Platforms like WeTransfer—and others—have figured out the magic words: Don’t say you’re using data to train AI. Don’t say you’re not using it either. Instead, claim a sweeping license to do anything necessary to “develop or improve the service.”

That vague phrasing allows future pivots. It’s not a denial. It’s a delay. And to delay is to deny.

That’s what makes it Schrödinger’s training clause: Your content isn’t being used for AI. Unless it is. And you won’t know until someone leaks it, or a lawsuit makes discovery public.

The Scrape-Then-Scrub Scenario

Let’s reconstruct what could have happened–not saying it did happen, just could have–following the timeline in The Register:

1. Early July 2025: WeTransfer silently updates its Terms of Service to include AI training rights.

2. Users continue uploading sensitive or valuable content.

3. [Somebody’s] AI systems quickly ingest that data under the granted license.

4. Public backlash erupts mid-July.

5. WeTransfer removes the clause—but to my knowledge never revokes the license retroactively or promises to delete what was scraped. In fact, here’s their statement which includes this non-denial denial: “We don’t use machine learning or any form of AI to process content shared via WeTransfer.” OK, that’s nice but that wasn’t the question. And if their TOS was so clear, then why the amendment in the first place?
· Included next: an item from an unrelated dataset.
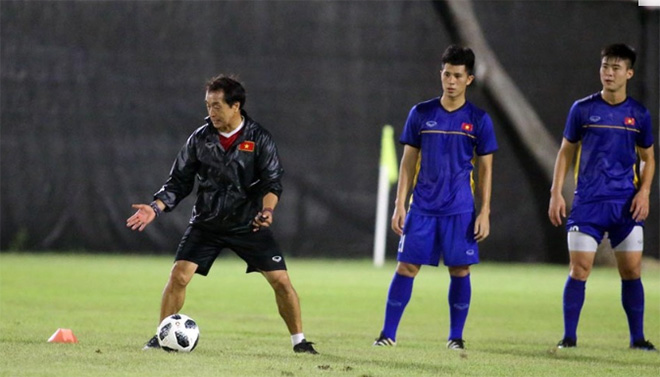 Trong buổi tập tối 21/8, ông Lee dành phần lớn thời gian điều chỉnh hàng thủ. Các hậu vệ như Xuân Mạnh, Đình Trọng, Duy Mạnh, Tiến Dũng, Văn Lợi được chỉ dạy chi tiết từ cách di chuyển hàng ngang, gọi nhau hỗ trợ, chia người lên theo kèm...

Here’s the Potential Legal Catch

Even if WeTransfer removed the clause later, any ingestion that occurred during the ‘AI clause window’ is arguably still valid under the terms then in force. As far as I know, they haven’t promised:

– To destroy any trained models

– To purge training data caches

– Or to prevent third-party partners from retaining data accessed lawfully at the time

What Would ‘Undoing’ Scraping Require?

– Audit logs to track what content was ingested and when

– Reversion of any models trained on user data

– Retroactive license revocation and sub-license termination

None of this has been offered that I have seen.
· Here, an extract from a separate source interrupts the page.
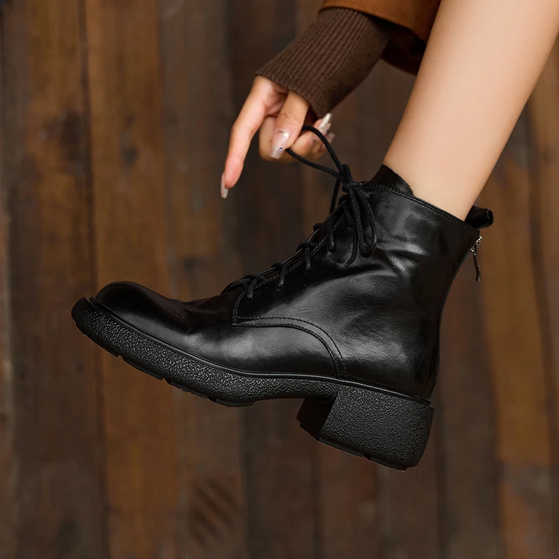 Discover the Elegance of Genuine Leather High Heel Motorcycle Ankle Boots

What ‘We Don’t Train on Your Data’ Actually Means

When companies say, “we don’t use your data to train AI,” ask:

– Do you have the technical means to prevent that?
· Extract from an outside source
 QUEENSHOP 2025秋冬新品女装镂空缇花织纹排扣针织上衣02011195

– Is it contractually prohibited?

– Do you prohibit future sublicensing?

– Can I audit or opt out at the file level?

If the answer to those is “no,” then the denial is toothless.

How Creators Can Fight Back

1. Use platforms that require active opt-in for AI training.

2. Encrypt files before uploading.

3. Include counter-language in contracts or submission terms:

   “No content provided may be used, directly or indirectly, to train or fine-tune machine learning or artificial intelligence systems, unless separately and explicitly licensed for that purpose in writing” or something along those lines.

4. Call it out. If a platform uses Schrödinger’s language, name it. The only thing tech companies fear more than litigation is transparency.

What is to Be Done?

The most dangerous clauses aren’t the ones that scream “AI training.” They’re the ones that whisper, “We’re just improving the service.”

If you’re a creative, legal advisor, or rights advocate, remember: the future isn’t being stolen with force. It’s being licensed away in advance, one unchecked checkbox at a time.

And if a platform’s only defense is “we’re not doing that right now”—that’s not a commitment. That’s a pause.

That’s Schrödinger’s training clause.